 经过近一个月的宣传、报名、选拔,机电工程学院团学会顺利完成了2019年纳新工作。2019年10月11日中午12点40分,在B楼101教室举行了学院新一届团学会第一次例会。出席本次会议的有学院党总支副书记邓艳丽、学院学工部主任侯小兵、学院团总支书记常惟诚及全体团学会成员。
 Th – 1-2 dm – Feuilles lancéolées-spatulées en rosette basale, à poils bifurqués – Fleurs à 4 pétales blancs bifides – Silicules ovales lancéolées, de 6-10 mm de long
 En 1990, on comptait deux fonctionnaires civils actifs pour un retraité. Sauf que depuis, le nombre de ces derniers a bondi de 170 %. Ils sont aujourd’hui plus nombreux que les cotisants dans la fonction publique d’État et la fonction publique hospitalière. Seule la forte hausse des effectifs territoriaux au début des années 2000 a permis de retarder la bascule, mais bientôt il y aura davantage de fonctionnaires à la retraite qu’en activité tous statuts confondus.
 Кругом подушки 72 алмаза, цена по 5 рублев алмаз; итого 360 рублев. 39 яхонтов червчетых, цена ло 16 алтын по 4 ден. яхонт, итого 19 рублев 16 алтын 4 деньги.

==

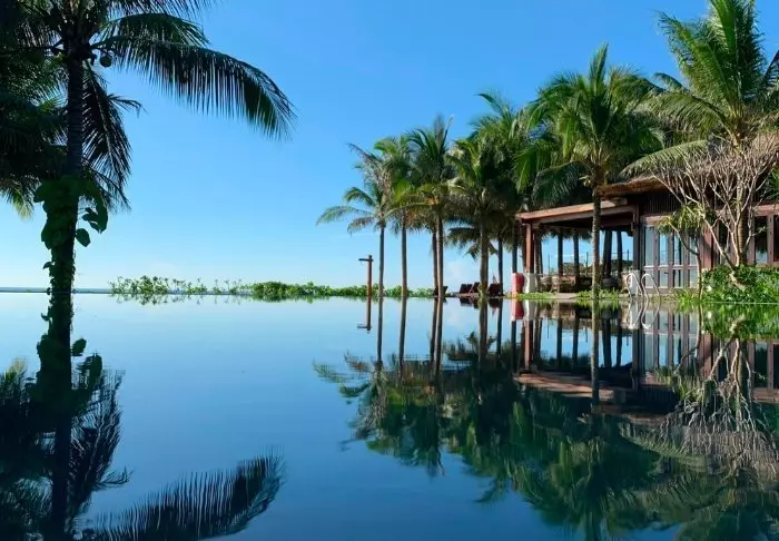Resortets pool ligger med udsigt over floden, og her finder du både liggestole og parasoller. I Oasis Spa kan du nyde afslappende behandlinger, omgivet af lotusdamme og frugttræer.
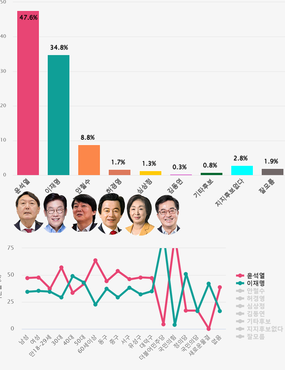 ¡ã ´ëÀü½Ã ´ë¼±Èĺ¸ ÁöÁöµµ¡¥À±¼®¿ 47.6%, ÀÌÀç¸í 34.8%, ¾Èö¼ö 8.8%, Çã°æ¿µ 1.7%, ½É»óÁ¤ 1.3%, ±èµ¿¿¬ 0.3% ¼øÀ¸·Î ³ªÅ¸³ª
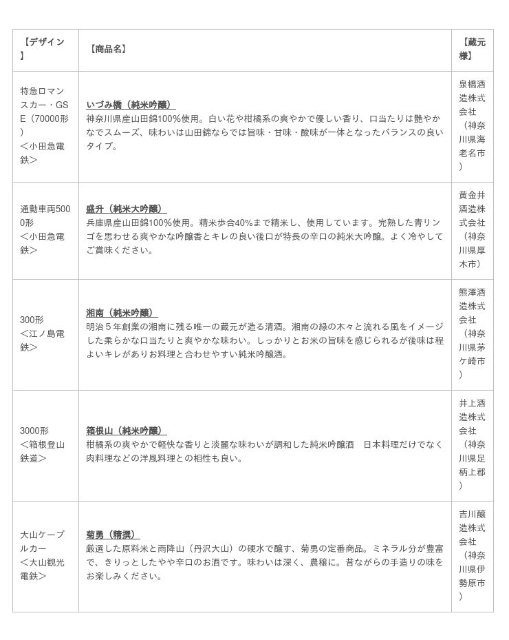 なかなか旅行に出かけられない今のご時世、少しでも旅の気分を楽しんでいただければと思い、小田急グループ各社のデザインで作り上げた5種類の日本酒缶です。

▸ **Exercise requirements**:
Would you copy out, exactly and with no pictures, only the lines above from the one that contains "Resortets pool ligger" through the one that contains "なかなか旅行に出かけられない"?

▸ **Exercise answer**:
Resortets pool ligger med udsigt over floden, og her finder du både liggestole og parasoller. I Oasis Spa kan du nyde afslappende behandlinger, omgivet af lotusdamme og frugttræer.
 ¡ã ´ëÀü½Ã ´ë¼±Èĺ¸ ÁöÁöµµ¡¥À±¼®¿ 47.6%, ÀÌÀç¸í 34.8%, ¾Èö¼ö 8.8%, Çã°æ¿µ 1.7%, ½É»óÁ¤ 1.3%, ±èµ¿¿¬ 0.3% ¼øÀ¸·Î ³ªÅ¸³ª
 なかなか旅行に出かけられない今のご時世、少しでも旅の気分を楽しんでいただければと思い、小田急グループ各社のデザインで作り上げた5種類の日本酒缶です。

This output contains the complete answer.